= White Elephant (band) =

The White Elephant Orchestra, later known as White Elephant, otherwise known as Mike Mainieri & Friends, was a jazz-rock big band made up of session and studio musicians based in New York City.

Set up in the late 1960s as an experimental ensemble, under the direction of Mike Mainieri (arranger, composer, keyboards, liner notes, percussion, producer & vocals), band members included Michael Brecker (tenor), Frank Vicari (tenor), George Young (alto) and Ronnie Cuber (baritone) on saxes; Randy Brecker, Jon Faddis and Lew Soloff on trumpets; Barry Rogers & Jon Pierson on trombones; as well as Steve Gadd, Tony Levin, Donald MacDonald, Warren Bernhardt, Joe Beck, David Spinozza and Hugh McCracken in the rhythm section.
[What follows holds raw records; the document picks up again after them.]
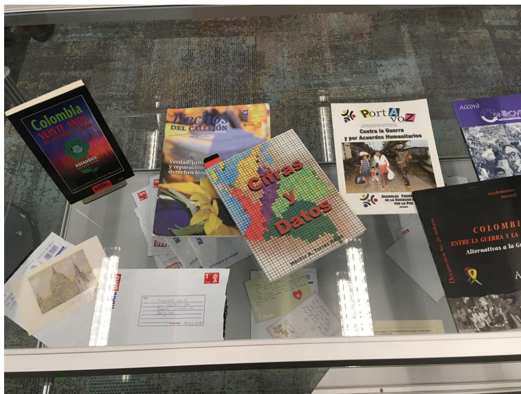
A selection of books on display relating to the conflict in Colombia. Some of the envelopes in which the dolls arrived at Conflict Textiles are also visible. Many were accompanied by handwritten messages.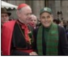
with cardinal Edward Egan (Archbishop New York)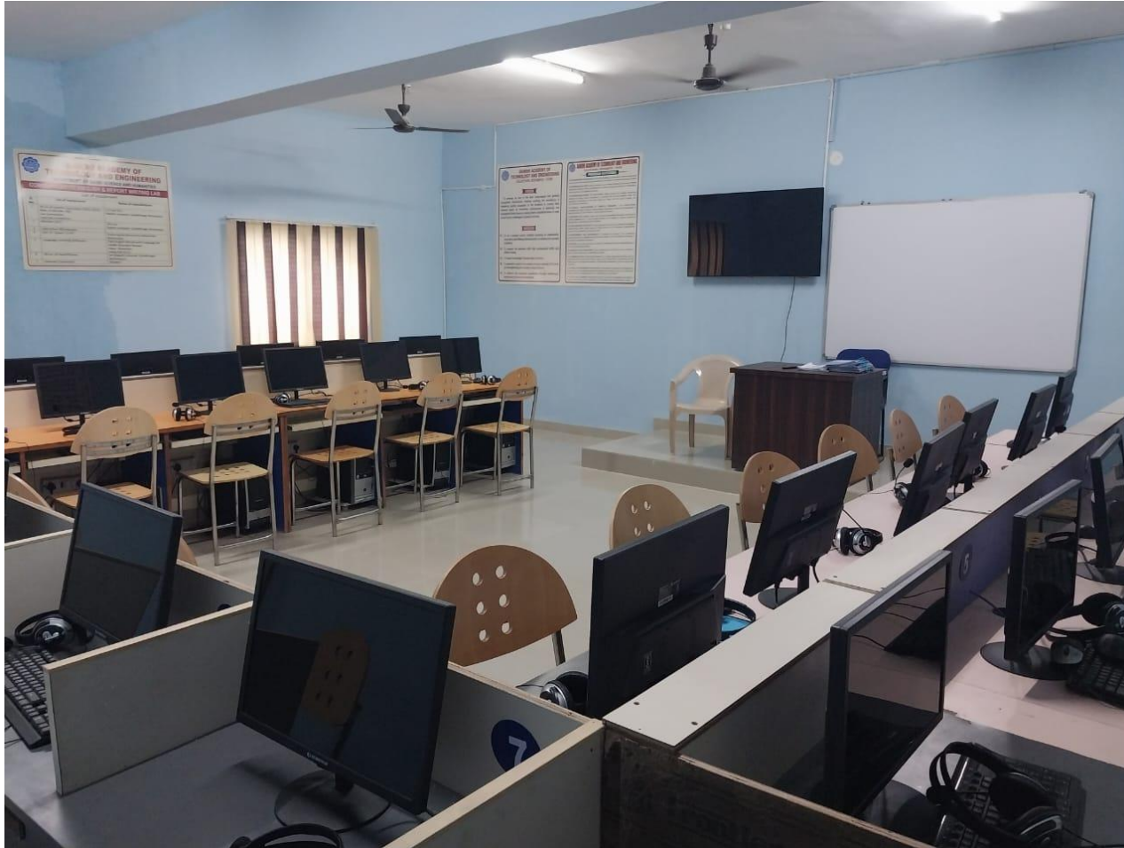
2.6 Language Lab (BSH)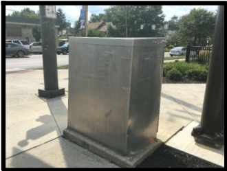
AT NORTH BROADWAY DIMENSIONS = 55"Hx44"Wx26"D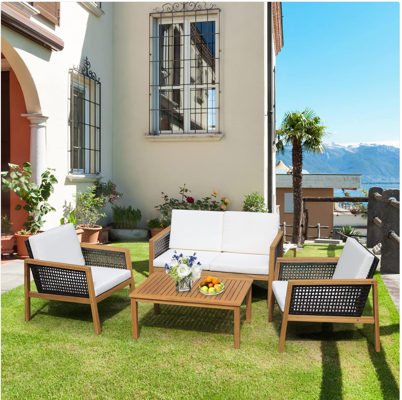
Figure 4.1: The furniture set arranged on a lawn, demonstrating its aesthetic appeal in a garden setting.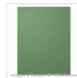
Garden Green 8-1/2" X 11" Cardstock 102584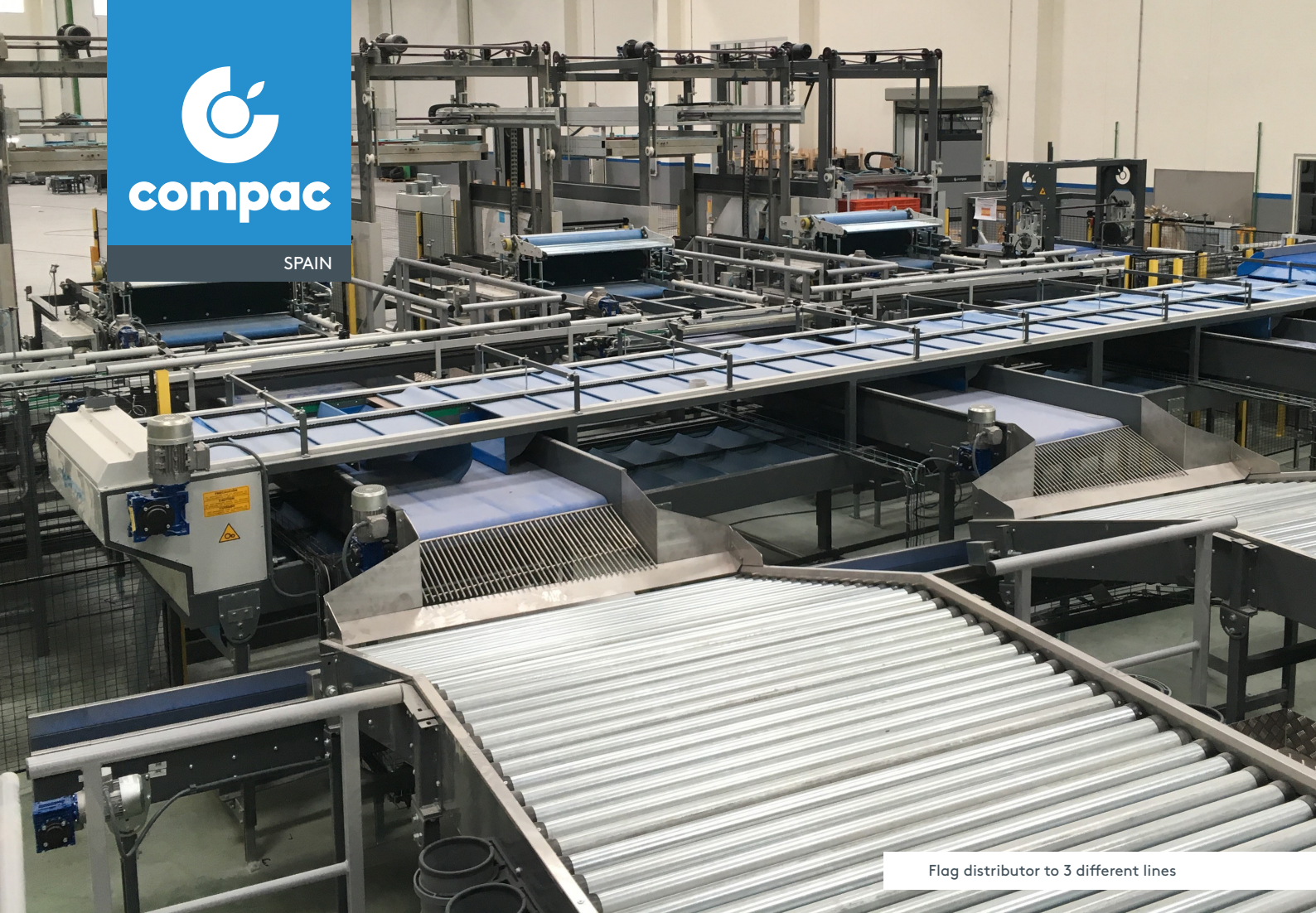
Flag distributor to 3 different lines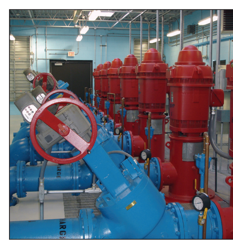
New technology, Clinton Avenue Pump Station.

These meters can be read remotely without the need to be at the customer's premisis. This type of meter also provides builtin leak detection and consumption trending which can help provide the information necessary to answer customer questions on an unusual or abnormal consumption or billing concerns. Our goal is to eventually replace all existing meters with this type of technology, as our programs advance and the new equipment becomes more readily available for installation.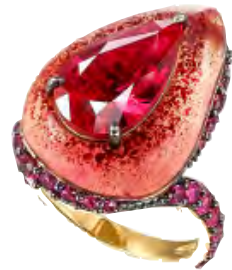
Anabela Chan Ruby Beetroot Elixir Ring £1,490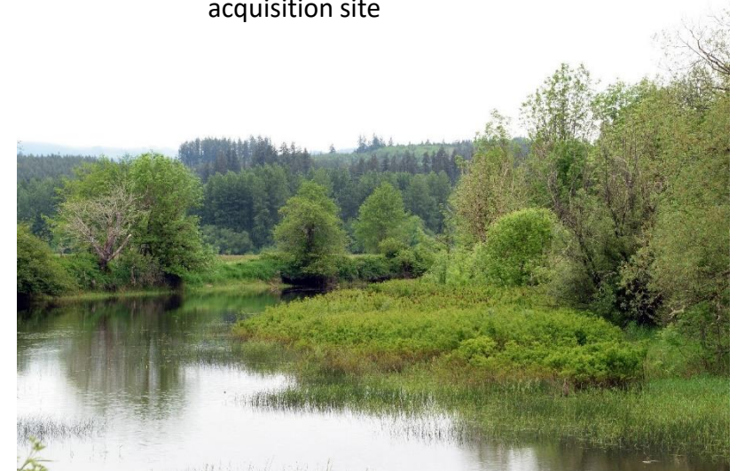
Relic oxbow channel in the Davis Creek Wildlife Area 5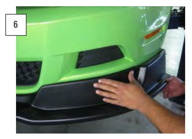
6. Peel the red backing off the 3M tape (pre installed on the chin spoiler) to create pull tab.

The band also included Nick Holmes (songwriter & vocalist), Sue Manchester (vocalist), and Annie Sutton, aka Ann E. Sutton, (vocalist).

For the most part, their music was the result of late night jam sessions of various musicians who gathering in New York recording studios. They released one eponymous double LP, simply called White Elephant, on Just Sunshine Records in 1972. The final track on side 4 is a 7:10 version of "Auld Lang Syne". A promotional 7-inch single with two shorter versions of the song was sent to radio stations in time for the New Year.